Endpoints	Target substance	Source substances
	C8-18 AAPB	C8-18 and C18 unsatd. AAPB	C12 AAPB
Short-term toxicity to aquatic invertebrates	key_Short-term toxicity to aquatic invertebrates: 97862-59-4_9.1.1_THG_1991c_OECD 202   key study   OECD Guideline 202 (Daphnia sp. Acute Immobilisation Test) Daphnia magna, static, freshwater   48 h EC50 = 6.5 mg/L act. ingr. (nominal) based on: mobility (95% C.I.: 4.8 - 8.4 mg a.i./L) 24 h EC50 > 30 mg/L act. ingr. (nominal) based on: mobility   Reliability: 1 (reliable without restriction), GLP	key.Short-term toxicity to aquatic invertebrates: 61789-40-0_9.1.1_KAO Corporation_1992_OECD 202   key study   OECD Guideline 202 (Daphnia sp. Acute Immobilisation Test) (part I, 24h EC50 Acute Immobilization Test (1984)) Daphnia magna, static, freshwater   48 h EC50 ca. 1.9 mg/L act. ingr. (nominal) based on: mobility (95% CL: 1.37 - 2.69 mg a.i./L)   Reliability: 2 (reliable with restrictions), GLP	key_Short-term toxicity to aquatic invertebrates: 4292-10-8_9.1.1_Solvay_2020_OECD202   key study   OECD Guideline 202 (Daphnia sp. Acute Immobilisation Test) Daphnia magna, semi-static, freshwater   48 h EC50 = 124 mg/L as test material, corresponding to 45.6 mg solids/L   Reliability: 1 (reliable without restriction), GLP
		key (marine).Short-term toxicity to aquatic invertebrates.61789-40-0_9.1.1__Marine_48h_AcartiaTonsa_Rhodia_Mirataine-BET-C37_ISO_2008   key study   ISO 14669 (1999) Water Quality - Determination of the acute lethal toxicity to marine copepods (Copepoda; Crustacea) Acartia tonsa, static, saltwater 48 h NOEC = 10 mg/L test mat. (nominal) based on: mobility (95% c.i.: 14.85-23.01 mg/L) 48 h NOEC = 3.6 mg/L act. ingr. (nominal) based on: mobility (95% c.i.: 5.4 - 8.3 mg a.i./L)   48 h LC50 = 19.38 mg/L test mat. (nominal) based on: mobility (95% c.i.: 14.85-23.01 mg/L) 48 h LC50 = 7 mg/L  act. ingr. (nominal) based on: mobility (95% c.i.: 5.4 - 8.3 mg a.i./L)   Reliability: 1 (reliable without restriction), GLP
		sup.Short-term toxicity to aquatic invertebrates.61789-40-0_9.1.1_Acute_Daphnia_Unilever_A17-AT-L17-01 supporting study OECD Guideline 202 (Daphnia sp. Acute Immobilisation Test)   Daphnia magna, semi-static, freshwater   48 h EC50 = 4.1 mg/L act. ingr. (nominal) based on: mobility (95% c.i.: 3.3-5.3 mg a.i./L)   Reliability: 2 (reliable with restrictions), GLP
		sup.Short-term toxicity to aquatic invertebrates: 61789-40-0_9.1.1_Hüls_1996_EEC 92-69 C2   supporting study   EU Method C.2 (Acute Toxicity for Daphnia) Daphnia magna, static, freshwater   48 h EC0 < 3 mg/L act. ingr. (nominal) based on: mobility 48 h EC100 > 25 mg/L act. ingr. (nominal) based on: mobility 48 h EC50 = 6.6 mg/L act. ingr. (nominal) based on: mobility (95% c.i. 4 - 11 mg/L)   Reliability: 2 (reliable with restrictions), GLP

 

The 48 h EC50 values of C8-18 AAPB and C8-18, C18 unsatd. AAPB to  Daphnia magna were in the range of 1.9 – 6.6 mg a.i./L. The sensitivity of the marine invertebrate Acartia tonsa  was in the same order of magnitude (48 h EC50 = 7 mg a.i./L)

 

 

Quality of the experimental data of the analogues:

The available data are adequate and sufficiently reliable to justify the read-across approach.
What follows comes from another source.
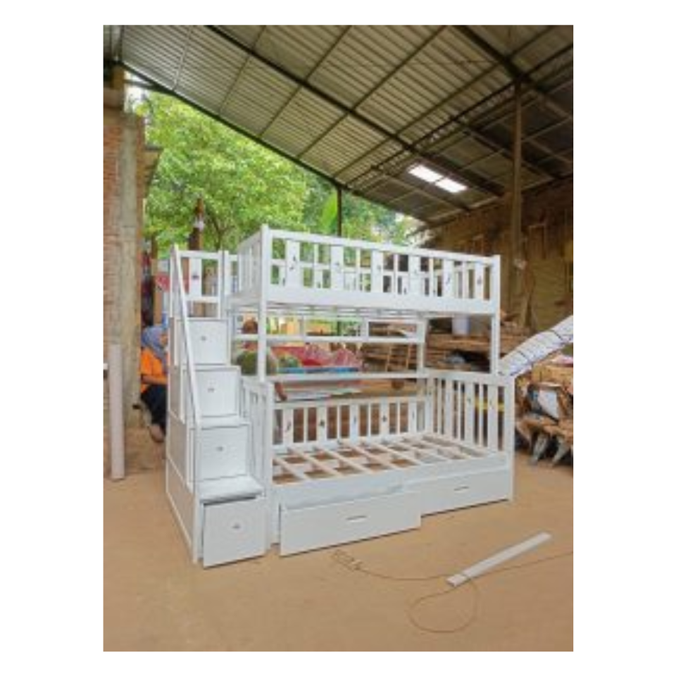 Litera completa con escaleras y dos cajones de almacenamiento para niños

The studies with Daphnia magna were conducted according to OECD Guideline 202 or EU Method C.2 and were reliable or reliable with restrictions (RL1-2, GLP).

A further study with the saltwater organism Acartia tonsa was conducted according to ISO 14669 (RL1, GLP)

The test materials used in the respective studies represent the source substance as described in the hypothesis in terms of substance identity and minor constituents.

Overall, the study results are adequate for the purpose of classification and labelling and risk assessment.

 

Conclusion

Based on structural similarities of the target and source substances as presented above and in more detail in the general justification for read across, it can be concluded that the available data from the source substance C8-18 and C18 unsatd. AAPB are also valid for the target substance C8-18 AAPB.

 

For freshwater invertebrates (Daphnia magna) the lowest 48 h EC50 was determined to be 1.9 mg a. i./L (nominal), and for the marine copepod  Acartia tonsa  the 48 h EC50 was 7.0 mg a.i./L (nominal).